• [Input]
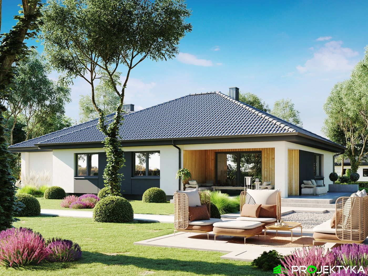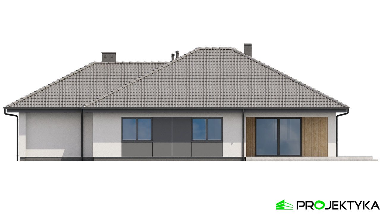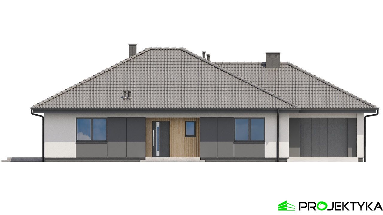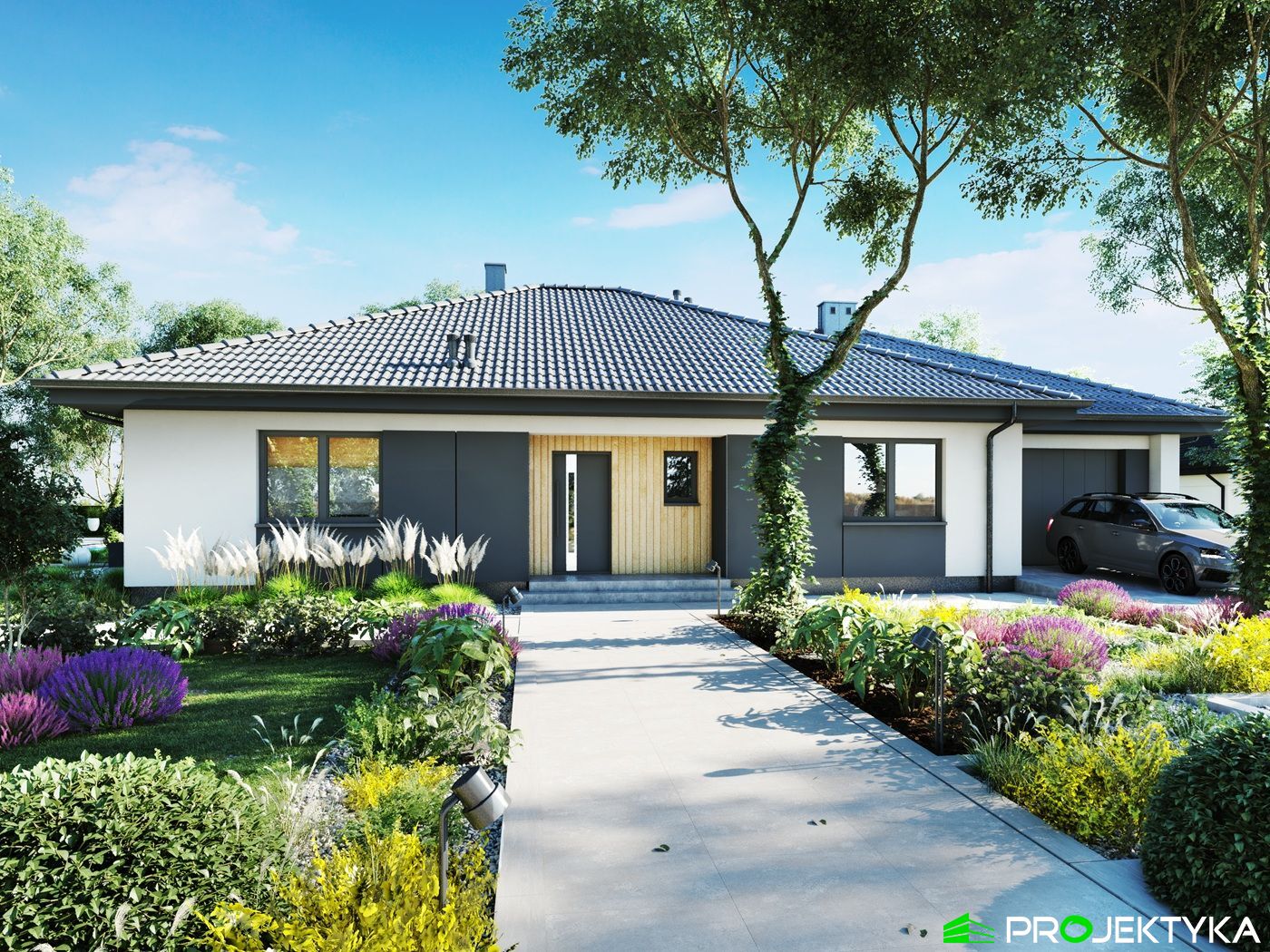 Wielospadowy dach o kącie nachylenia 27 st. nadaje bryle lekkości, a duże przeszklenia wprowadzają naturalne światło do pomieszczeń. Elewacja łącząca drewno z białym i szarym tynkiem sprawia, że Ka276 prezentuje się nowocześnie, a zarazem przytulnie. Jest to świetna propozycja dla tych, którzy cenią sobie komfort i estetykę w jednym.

...

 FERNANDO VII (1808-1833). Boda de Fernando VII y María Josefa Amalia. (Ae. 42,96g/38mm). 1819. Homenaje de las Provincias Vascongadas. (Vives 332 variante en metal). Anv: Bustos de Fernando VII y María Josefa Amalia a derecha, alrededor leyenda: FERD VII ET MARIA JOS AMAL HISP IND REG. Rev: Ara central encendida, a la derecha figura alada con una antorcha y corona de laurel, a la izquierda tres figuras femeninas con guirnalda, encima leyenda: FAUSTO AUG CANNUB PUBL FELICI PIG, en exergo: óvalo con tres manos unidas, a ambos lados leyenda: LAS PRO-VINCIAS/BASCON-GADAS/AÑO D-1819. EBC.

---

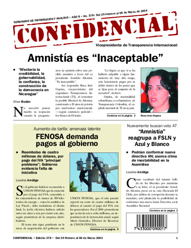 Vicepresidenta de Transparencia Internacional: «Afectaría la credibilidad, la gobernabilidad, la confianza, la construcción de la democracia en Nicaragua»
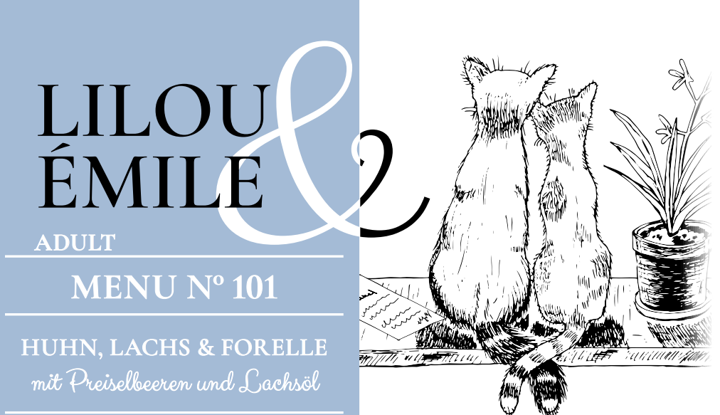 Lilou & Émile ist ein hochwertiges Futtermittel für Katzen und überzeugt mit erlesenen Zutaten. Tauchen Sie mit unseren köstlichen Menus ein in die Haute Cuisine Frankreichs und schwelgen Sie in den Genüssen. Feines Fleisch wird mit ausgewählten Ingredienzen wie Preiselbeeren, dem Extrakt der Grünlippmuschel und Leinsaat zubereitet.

• [What the exercise asks] In the listing above, find the line holding "Vicepresidenta de Transparencia" and the line holding "Lilou & Émile". Reproduce those two lines and all between them exactly, leaving out pictures.

• [Problem solution]
 Vicepresidenta de Transparencia Internacional: «Afectaría la credibilidad, la gobernabilidad, la confianza, la construcción de la democracia en Nicaragua»
 Lilou & Émile ist ein hochwertiges Futtermittel für Katzen und überzeugt mit erlesenen Zutaten. Tauchen Sie mit unseren köstlichen Menus ein in die Haute Cuisine Frankreichs und schwelgen Sie in den Genüssen. Feines Fleisch wird mit ausgewählten Ingredienzen wie Preiselbeeren, dem Extrakt der Grünlippmuschel und Leinsaat zubereitet.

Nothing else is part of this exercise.